§ **Aim of the exercise**
Write out exactly the lines between the line containing "Planta Newberry Cementos Argos Estados Unidos" and the end of the records, counting both ends, and leave out all pictures.

** Opening Data shown block **

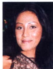
Sabrina Setlur Die Rapperin punktet mit größerem Busen und neuer Nase
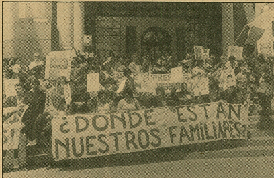
Ayer en el Congreso se realizó una manifestación en favor de la libertad de los presos políticos.

Sostuvo que "puede haber distintos criterios y posiciones, que serán
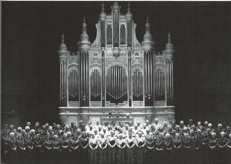
Het imposante kerkkoor Credo.

Op zaterdag 25 maart zal er in de Grote Kerk een grote koor- en samenzangavond worden gehouden. Het is voor de vierde keer dat deze koor- en samenzangavond wordt georganiseerd. De eerste keer was in 1998. Uit de reacties na afloop is gebleken hoe fijn men deze avonden heeft gevonden.
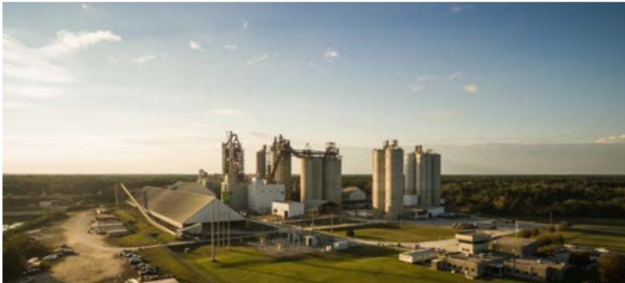
Planta Newberry Cementos Argos Estados Unidos
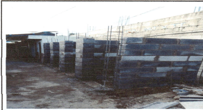
Foto1: Culminación de servicios sanitarios
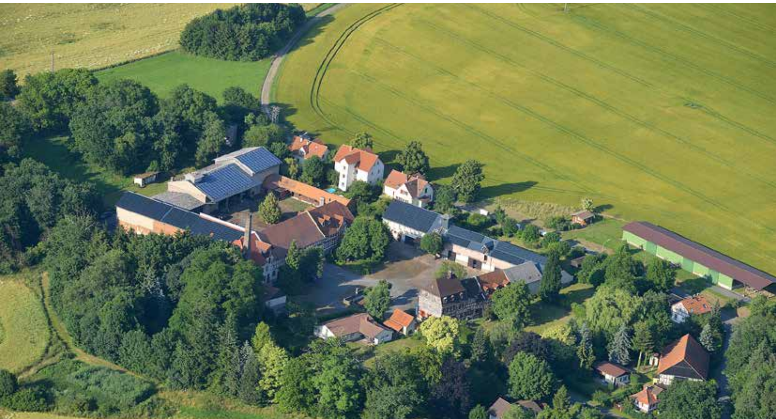
Luftaufnahme Gut Neuhof in Leihgestern
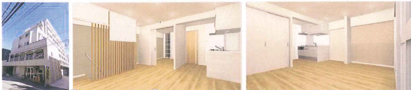
※室内画像は完成予定ベースです
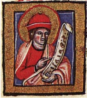
Sl. 1. Prorok Izaija (Hrvojev misal, f. 15c) Fig. 1. Il profeta Isaiah (Messale del Duca Hrvoje, f. 15c)
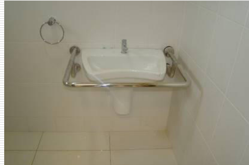
Louças e metais instalados nos banheiros
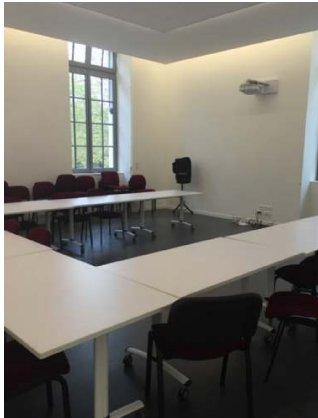
Salle de formation : wifi, vidéo-projecteur, paper-board
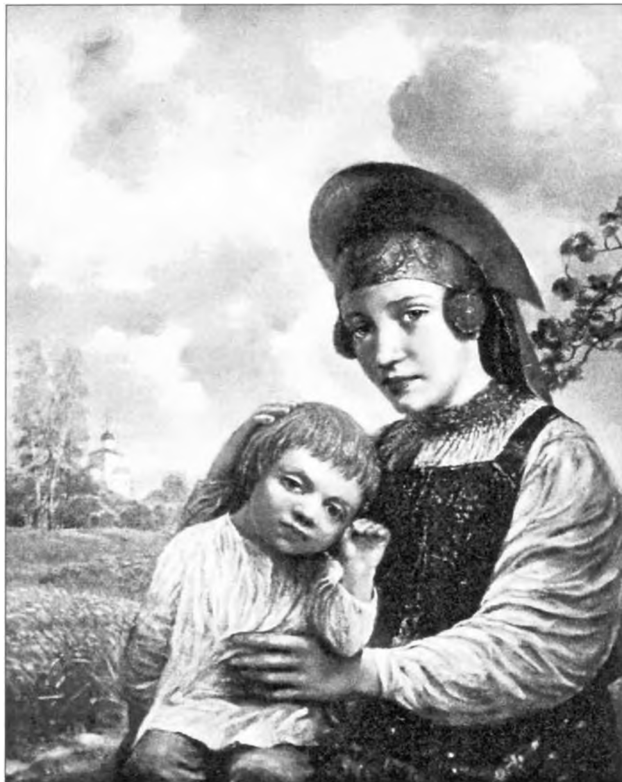
Е. Флёрва. Материнская любовь. 2000

Величальные песни имели поздравительный характер. Ими чествовали, воспевали и прославляли того, кому они были адресованы. Положительные качества человека изображались в высшей степени, часто с помощью гипербол. Большую роль играл портрет. У жениха кудри столь прекрасные,
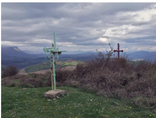
San Pedro de Beratza (Askuren)

Seguimos por la pista hasta toparnos con un cruce en el que tomamos la pista de la derecha. En el siguiente cruce tomaremos el camino que transcurre dejando justo a su izquierda un pinar.
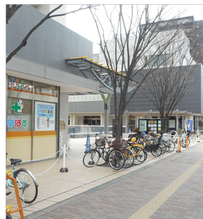
開店前のスーパー入り口付近

丁目地下（28・9%）、月島駅前第一（32・7%）、浜町公園下（40・6%）の4カ所です。
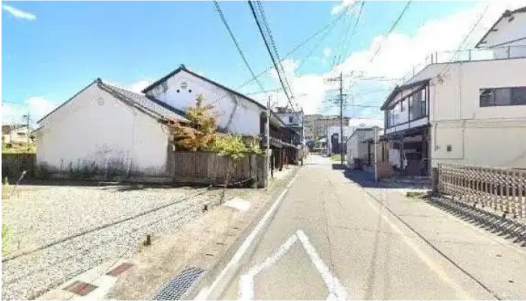
しらいしうなぎ屋 人吉市

** Closing Data shown block **

§ **Written answer**
Planta Newberry Cementos Argos Estados Unidos
Foto1: Culminación de servicios sanitarios
Luftaufnahme Gut Neuhof in Leihgestern
※室内画像は完成予定ベースです
Sl. 1. Prorok Izaija (Hrvojev misal, f. 15c) Fig. 1. Il profeta Isaiah (Messale del Duca Hrvoje, f. 15c)
Louças e metais instalados nos banheiros
Salle de formation : wifi, vidéo-projecteur, paper-board
Е. Флёрва. Материнская любовь. 2000

Величальные песни имели поздравительный характер. Ими чествовали, воспевали и прославляли того, кому они были адресованы. Положительные качества человека изображались в высшей степени, часто с помощью гипербол. Большую роль играл портрет. У жениха кудри столь прекрасные,
San Pedro de Beratza (Askuren)

Seguimos por la pista hasta toparnos con un cruce en el que tomamos la pista de la derecha. En el siguiente cruce tomaremos el camino que transcurre dejando justo a su izquierda un pinar.
開店前のスーパー入り口付近

丁目地下（28・9%）、月島駅前第一（32・7%）、浜町公園下（40・6%）の4カ所です。
しらいしうなぎ屋 人吉市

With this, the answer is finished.